Firstbanc Financial Services is to vote GH¢10 million each year to prop local Small and Medium Scale Enterprises (SMEs) to the point where they would be responsive to export opportunities.
In collaboration with the National Board, the funding partners and the National Board for Small Scale Industries (NBSSI), the company will on September 15th 2009 launch its SME Centre to provide advisory and professional services to kick start the project.
In a statement copied to journalists on Thursday, Ms. Diana Owusu Antwi, the SME Centre Project Coordinator said, the idea is to promote matching of domestic business opportunities and international linkages to enable SMEs evolve their domestic businesses into an export driven model.
“The FirstBanc SME Centre is tailored to provide Management Information Services, business support and acceleration services to SMEs as well as industry expertise and identify opportunities in the market that SMEs can exploit.
“In addition, SMEs in need of funding will be linked to our funding partners,” she explained.
The SME Advisory Global, Ms.

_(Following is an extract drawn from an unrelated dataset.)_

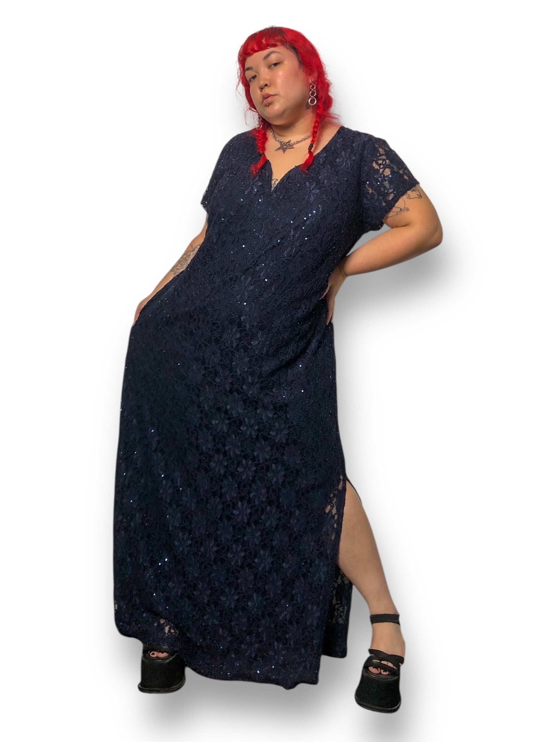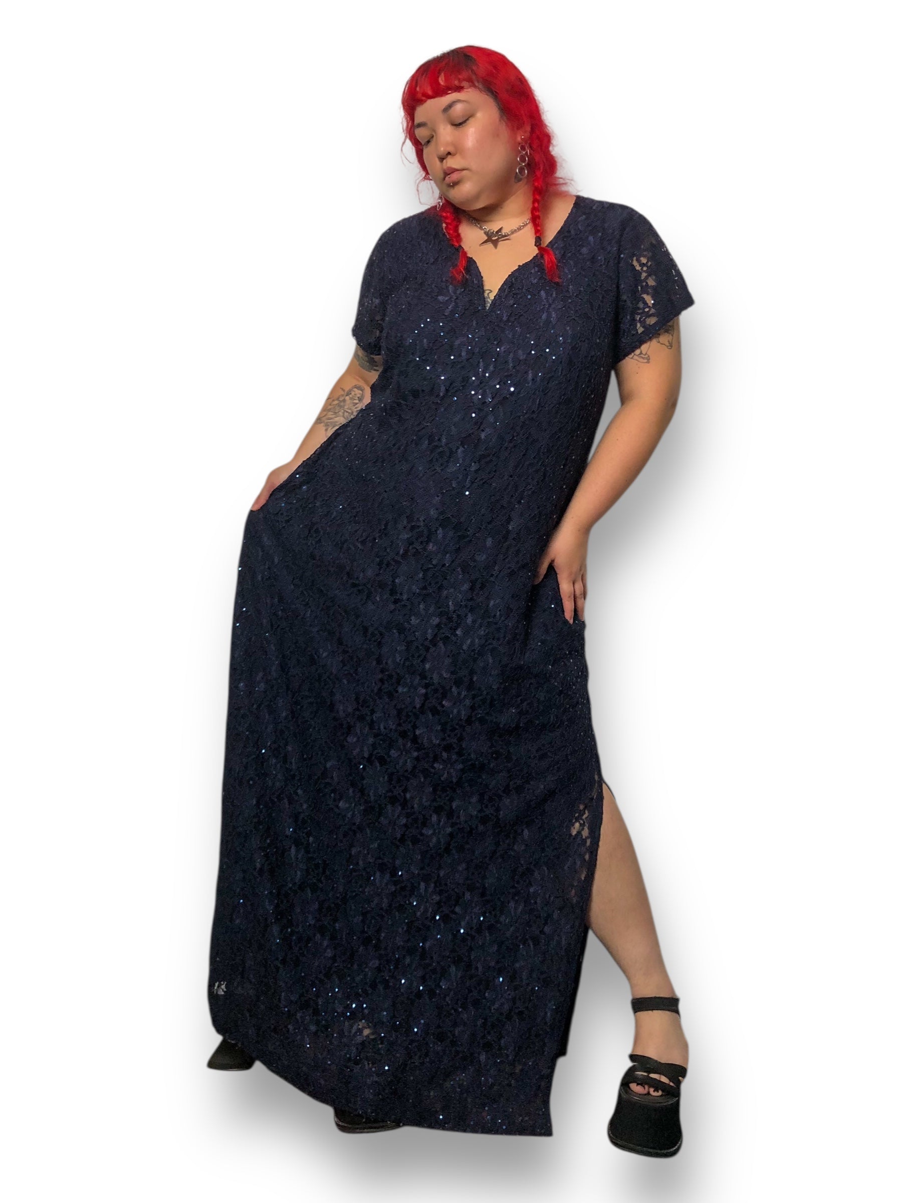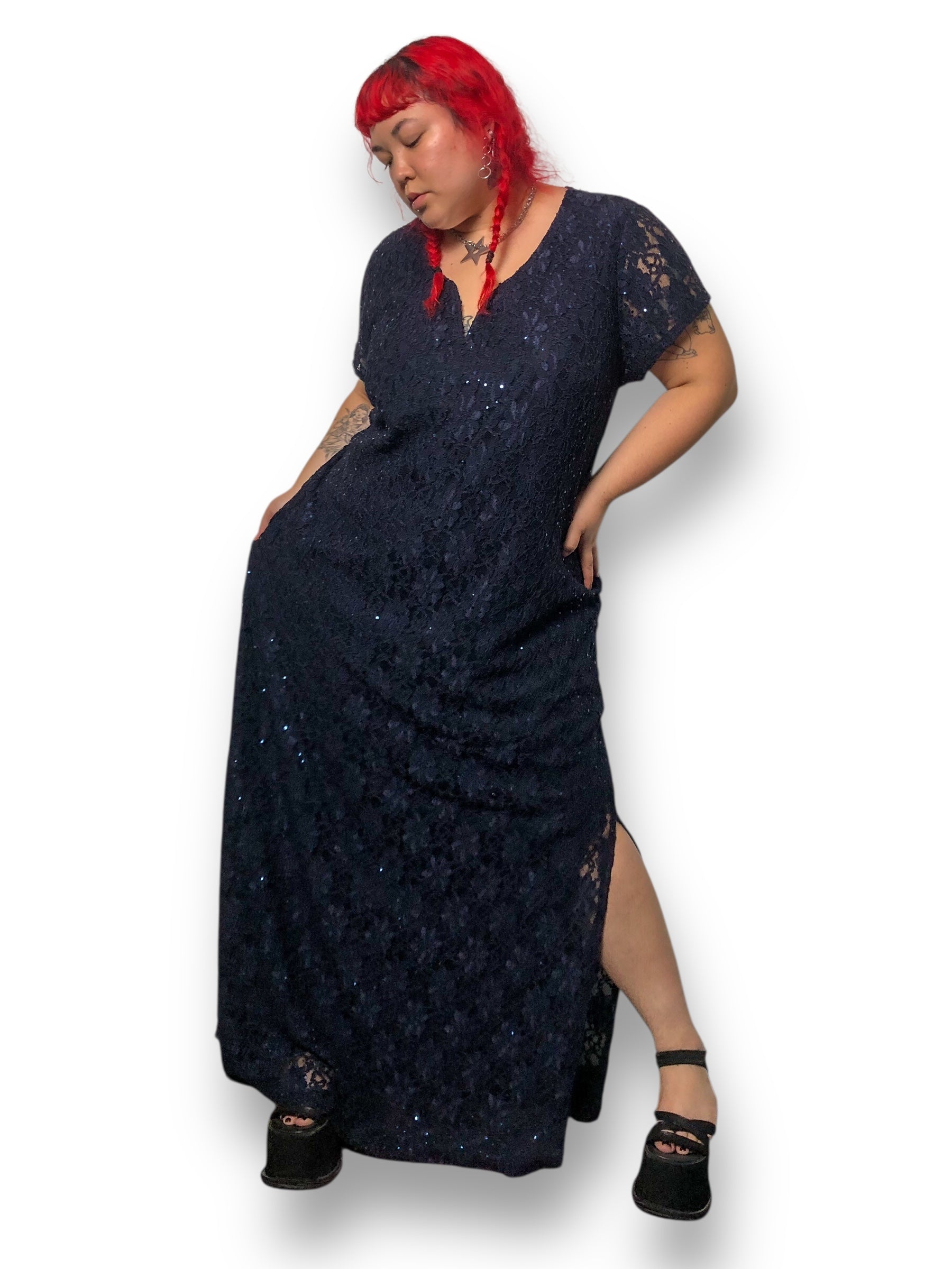 Y2K Connected Navy Blue Floral Lace Evening Dress (3X)

Owusu Antwi said, would offer creative advice to existing SMEs on the choice of financial instruments available to them in the financial markets.
“Ultimately, we aim at moving a large section of SMEs out of the informal sector to the formal sector, a merger between groups of SMEs as well as a listing of some SMEs on the Ghana Stock Exchange”, Ms Owusu-Antwi said.
For the SME Professional, she said, it is a special package directed at graduates, who plan to set up their own private businesses as well as enterprises with few years of experience that wish to expand.
The centre, she noted, would then assess their growth potential and opportunities and prescribe an appropriate means of funding or assistance.
She added that the essence was to assist enterprises seeking funding to undertake research, product development and innovations among other things.
SMEs in Ghana form about 82% of the business community and with information asymmetry and the high-risk perception of their activities, it is difficult for most of them to access funding for their operations.